You're still rate limiting; you're just pushing that job onto the clients. But how will they know how long to wait after receiving a NOPE before trying again? If they try again to quickly, they'll just keep getting NOPEd. If they try again too slowly, there may be stranded capacity again. Instead, what if we simply sent back a "wait this long before your next request" header with every response? The wait period could be zero if the server is below capacity, but if it's at capacity we calculate a conservative estimate in milliseconds for how long they should wait - may be different every time - before making the next request. Simply compare how many requests we completed last second to how many we get done this second and assume the demand will be the same for the future second - then divide the next second up fairly among all the clients. Clients who we've never seen before will get priority, as they have no known wait time to go by, and we should give them VIP treatment anyway over the clients who have been hammering us for a while with no sign of stopping. Clients who disrespect the wait time get deprioritized, or even noped. I feel like this would maintain a constant near-100% pressure, and yet clients also know exactly what to expect - if they respect the wait time, they're guaranteed a quick response and no NOPE. If they see a wait value that's too high, they can choose to write the server off as too congested and give up for now, if they want. This just leaves even more capacity for the rest of the clients. Same happens when you gave a client a wait time but they have no more to send. Some capacity goes unused, and you can account for this in the next second's measurement.
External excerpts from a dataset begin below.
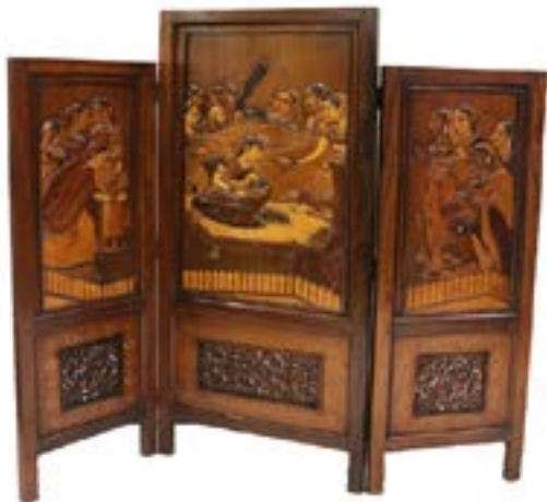
63 BIOMBO HINDÚ

Realizado en madera de 3 hojas. Escena principal de una mujer hindú amamantando, acompañada de damas en alto relieve. Diseño con pequeñas incrustaciones de hueso, marquetería geométrica y talla de motivos vegetales.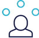
Talleres de innovación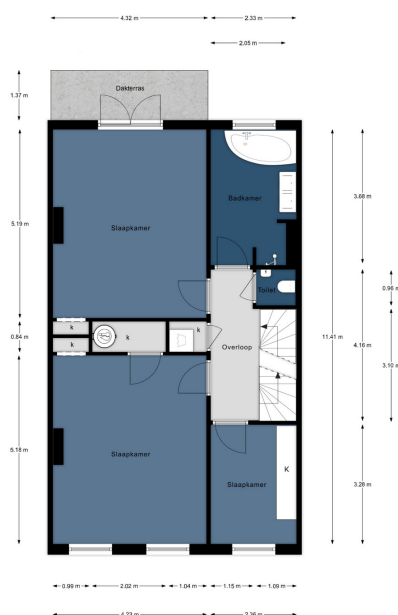
Alphenstraat 60, Den Haag | 2e Verdieping H = 2,36 m

Sounds helpful for the server to proxy and proxy to client to use a back channel signal to advise a 'back off', and then a response (dropping/refusing requests) if it does not.
One thing I'd like to see is how AIMD is configured. How do you decide backoff factor in multiplicative decrease and additive factor in Additive increase?
instead of using `number of concurrent users` , should'nt we be using the `time taken to serve a request` as deciding factor for increasing/decreasing incoming requests ?